** The input follows **
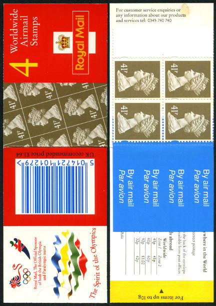 1,64£., gris-beige Y&T N°C1717-II Emis en 1993 Impression offset Carnet de 4 timbres + 4 vignettes "Par Avion" Couverture Jeux Olympiques |
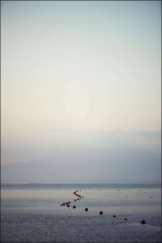 Molto molto carina, delicata ed originale. La sequenza delle boe rosse ci guida con brio alla vaga m imponente presenza del vulcano ( il Vesuvio vero? ) seminascosto dalla foschia.
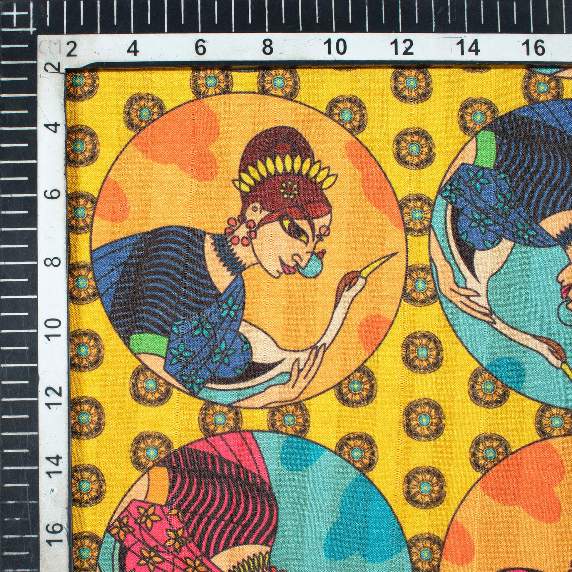 Yellow And Salmon Orange Madhubani Pattern Digital Print Art Tussar Silk Fabric
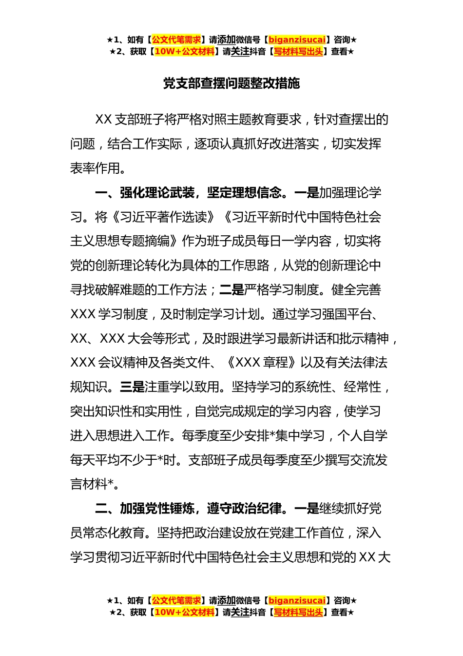 ★1、如有【公文代笔需求】请添加微信号【biganzisucai】咨询★★2、获取【10W+公文材料】请关注抖音【写材料写出头】查看★党支部查摆问题整改措施XX支部班子将严格对照主题教育要求,针对查摆出的问题,结合工作实际,逐项认真抓好改进落实,切实发挥表率作用。一、强化理论武装,坚定理想信念。一是加强理论学习。将《习近平著作选读》《习近平新时代中国特色社会主义思想专题摘编》作为班子成员每日一学内容,切实将党的创新理论转化为具体的工作思路,从党的创新理论中寻找破解难题的工作方法;二是严格学习制度。健全完善XXX学习制度,及时制定学习计划。通过学习强国平台、XX、XXX大会等形式,及时跟进学习最新讲话和批示精神,XXX会议精神及各类文件、《XXX章程》以及有关法律法规知识。三是注重学以致用...
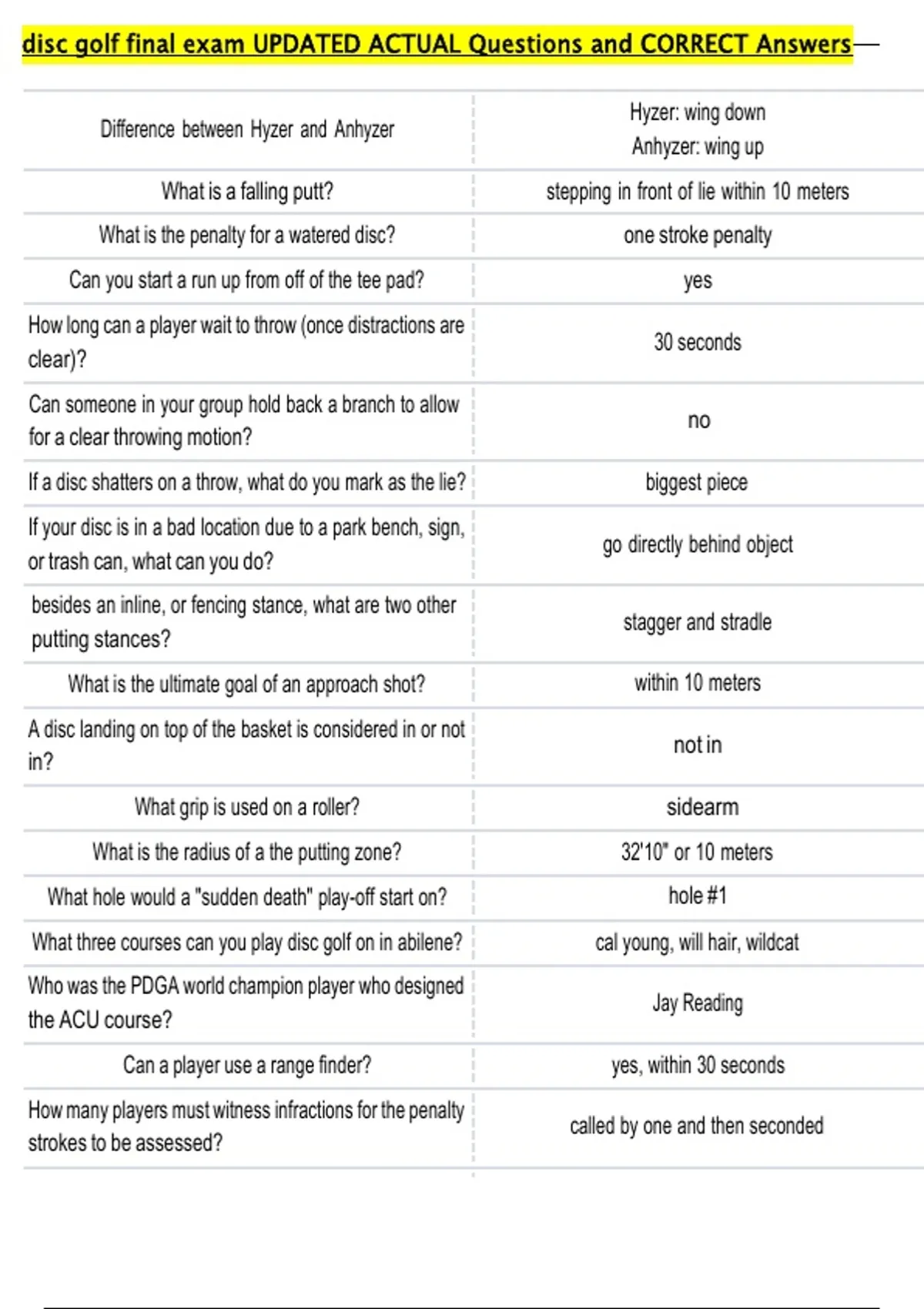 disc golf final exam UPDATED ACTUAL Questions and CORRECT Answers
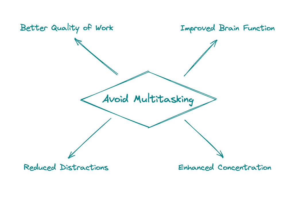 Multitasking often reduces efficiency and increases errors. Focus on one task at a time to ensure higher quality work and better use of your time.
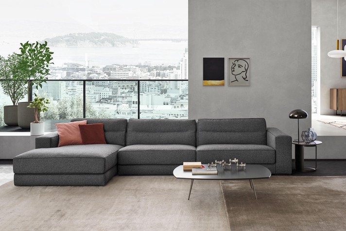 Großzügige Volumina, breite Armlehnen, tiefe Sitzflächen, Rückenlehne mit leicht gewölbten Kissen. Jedes Detail wurde sorgfältig durchdacht, um ein Gefühl des Willkommenseins zu vermitteln, eine Einladung zum gemütlichen Sitzen vor dem Fernseher zum Entspannen, Lesen, Ausruhen und Plaudern. Vor allem die nach hinten geklappten Rückenkissen zeichnen diesen entspannten Stil aus, mit einer horizontalen “Schnitt”-Naht, die der natürlichen Beugung des Rückens entgegenzukommen scheint.
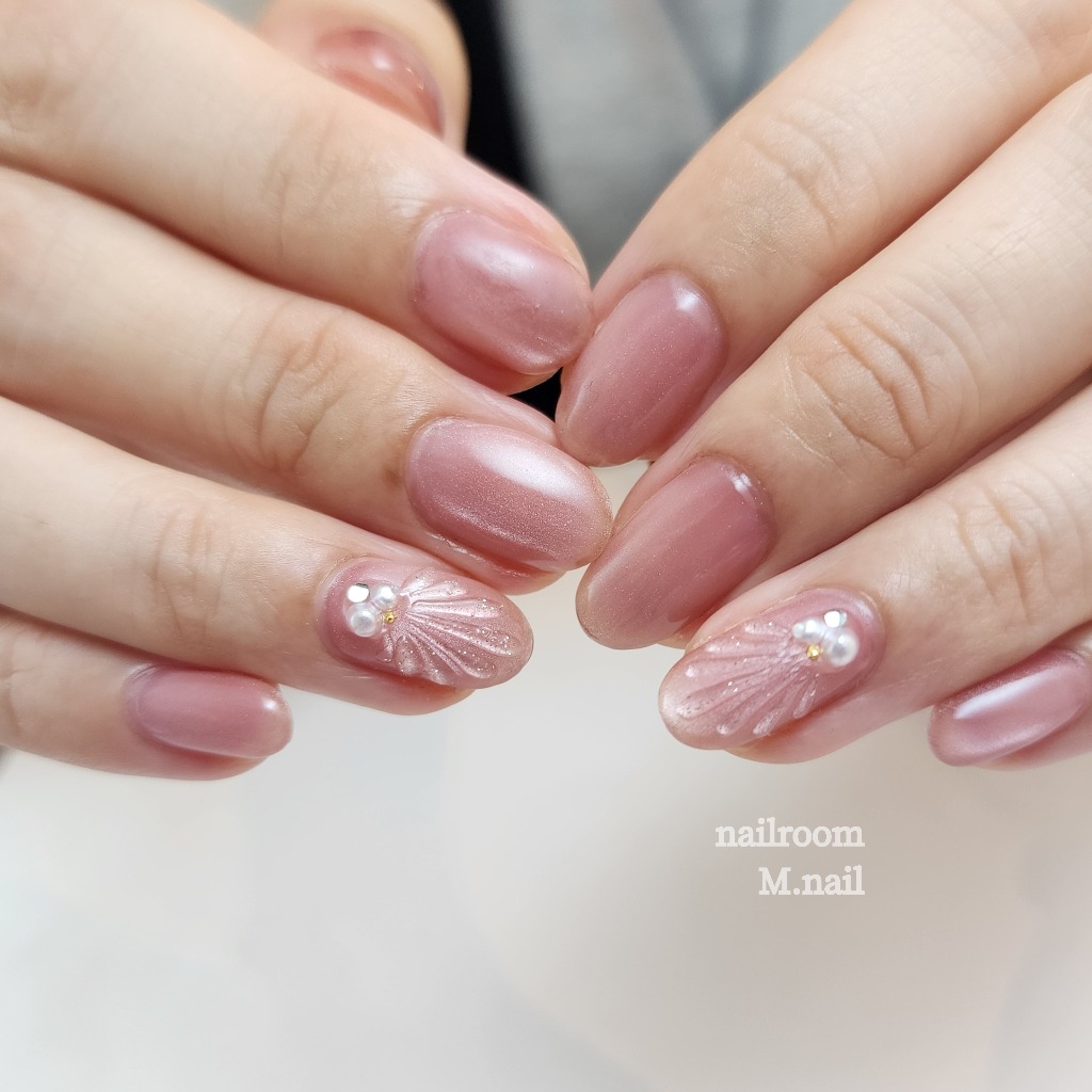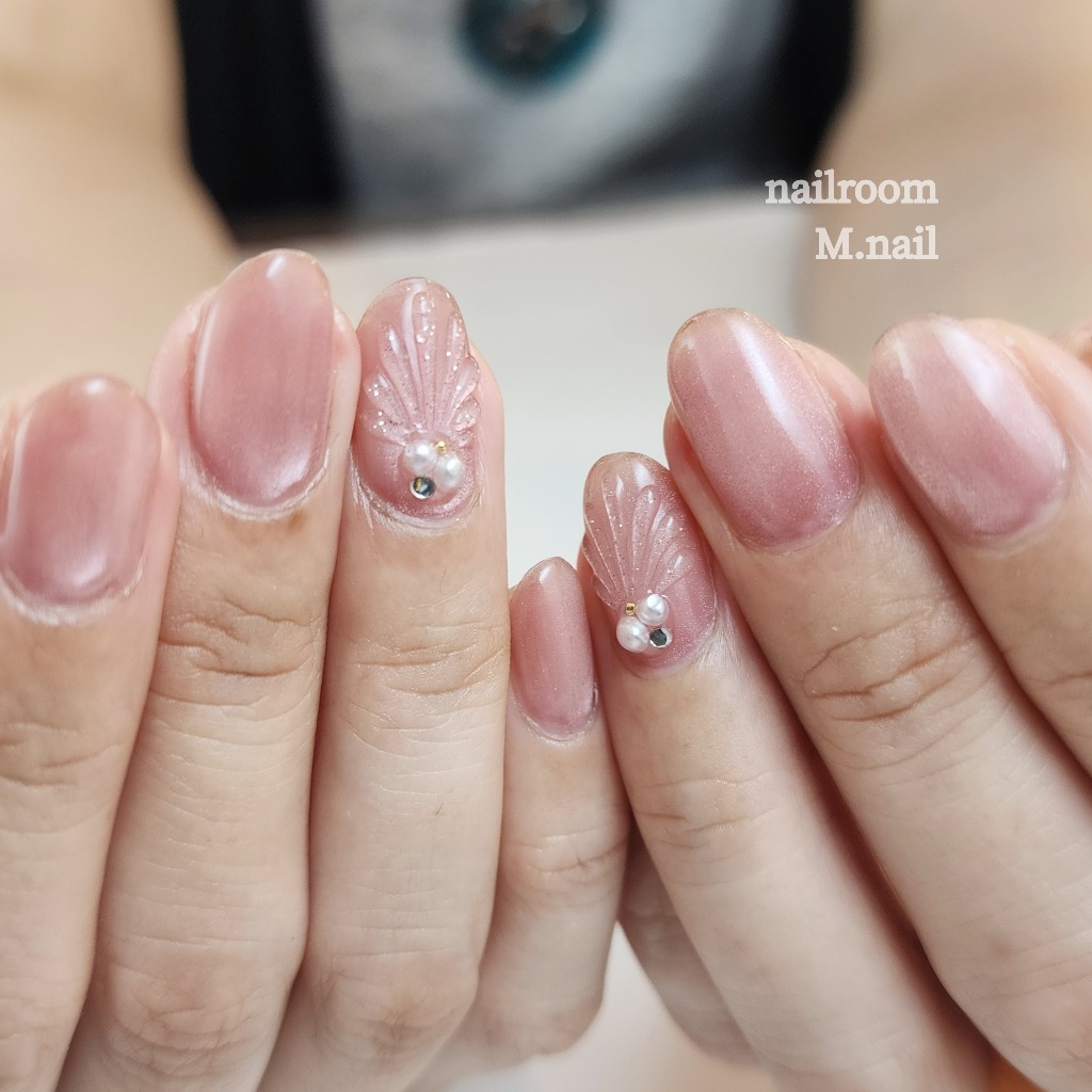 ピンクのマグネットに貝殻風のぷっくりマーメイドネイル✨
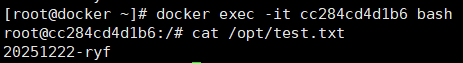 cat /opt/test.txt(用 exec 进入或直接 exec 执行)
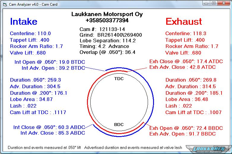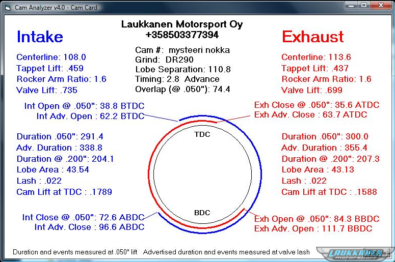 Program to record and analyze cam lift data from dial indicator and degree wheel measurements. Once this data is in the computer, you can check the Cam Profile for acceleration rates, lobe centers, Duration at .050", etc. Now you can see if the cam you just installed matches the cam grinder's specs.
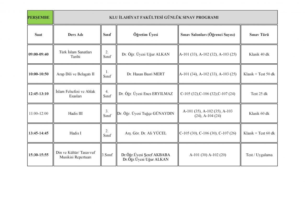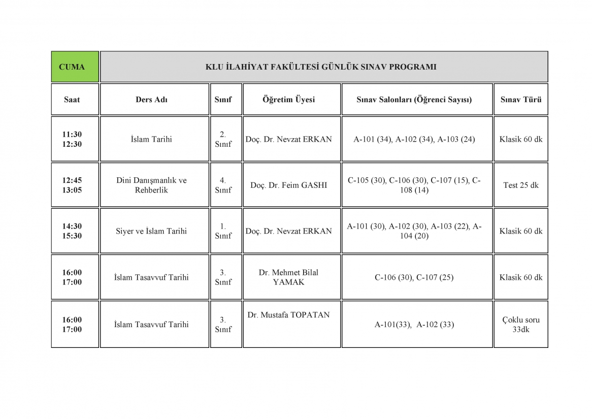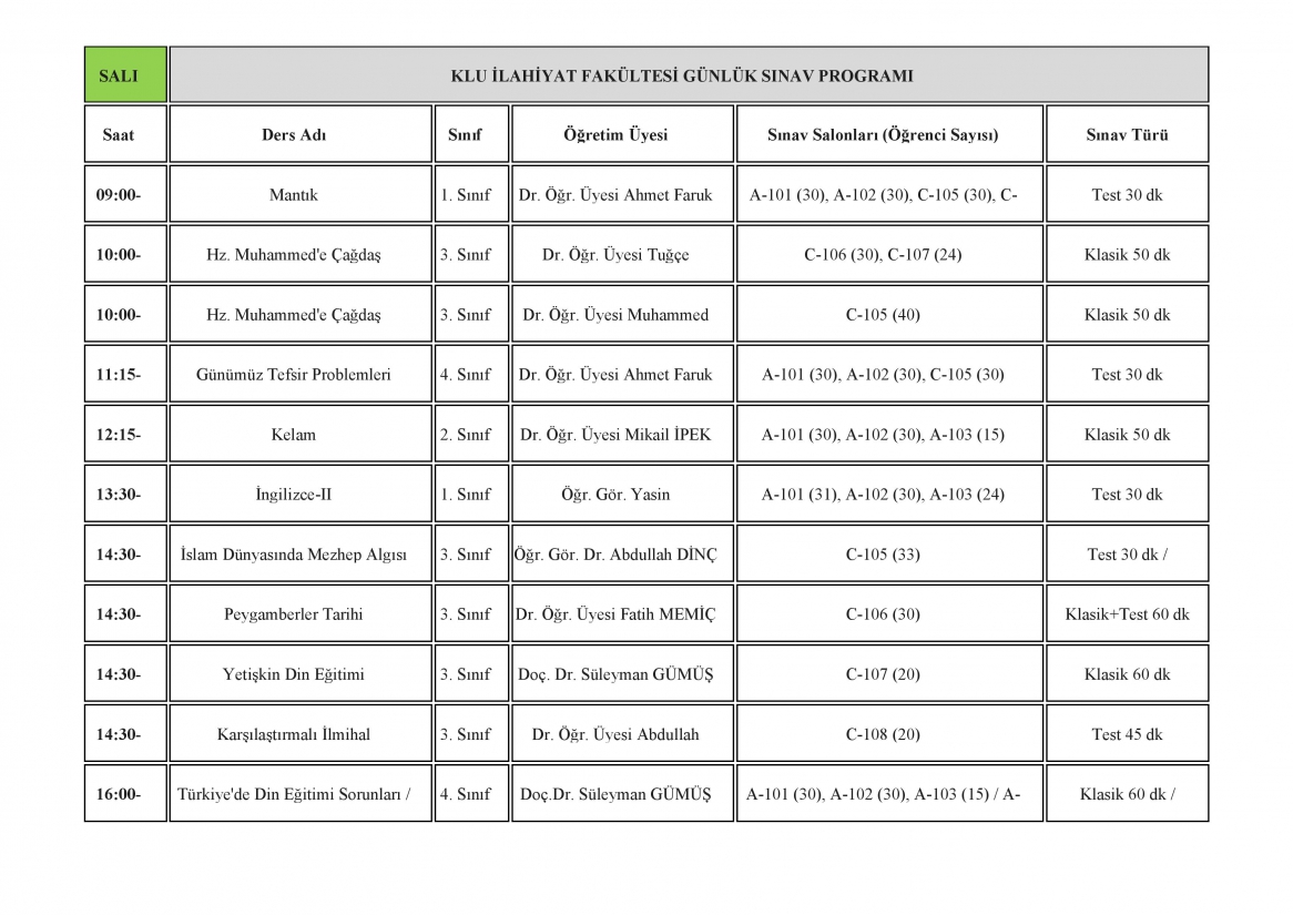 VİZE SINAV TAKVİMİ
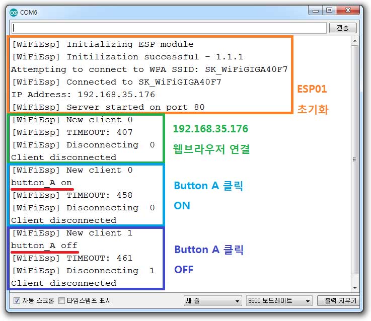 ESP01의 시리얼 통신 보드 레이트가 9600으로 설정되어 있어야 한다. ESP01의 연결 설정 및 자세한 방법에 관해서는 이전 글 아두이노 - ESP01 wifi 모듈 무선 원격제어 그리고 시리얼 통신 - 6편을 참조하기 바란다.
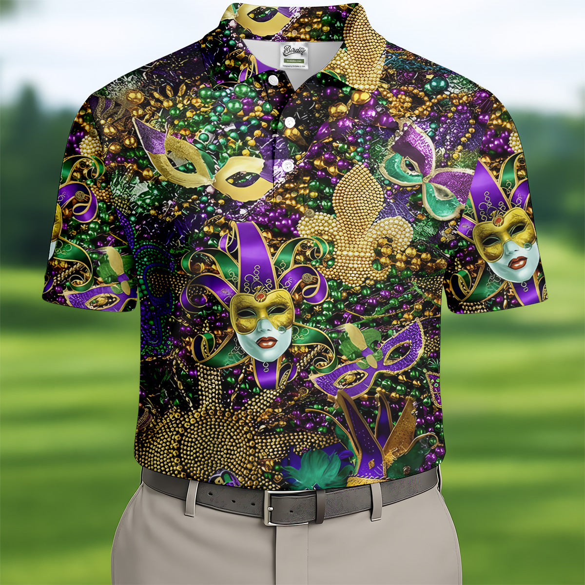 Our Mardi Gras golf shirts are made for players who’d rather turn heads than blend in. Designed for confidence, comfort, and a healthy dose of humor, each polo is your ticket to brighter fairways, louder laughs, and just enough distraction to keep your buddies guessing.
** End of The input **
• Task description:
From the opening line of the listing above through the line bearing "Yellow And Salmon", repeat each line exactly. Drop every picture.

• Exercise output:
 1,64£., gris-beige Y&T N°C1717-II Emis en 1993 Impression offset Carnet de 4 timbres + 4 vignettes "Par Avion" Couverture Jeux Olympiques |
 Molto molto carina, delicata ed originale. La sequenza delle boe rosse ci guida con brio alla vaga m imponente presenza del vulcano ( il Vesuvio vero? ) seminascosto dalla foschia.
 Yellow And Salmon Orange Madhubani Pattern Digital Print Art Tussar Silk Fabric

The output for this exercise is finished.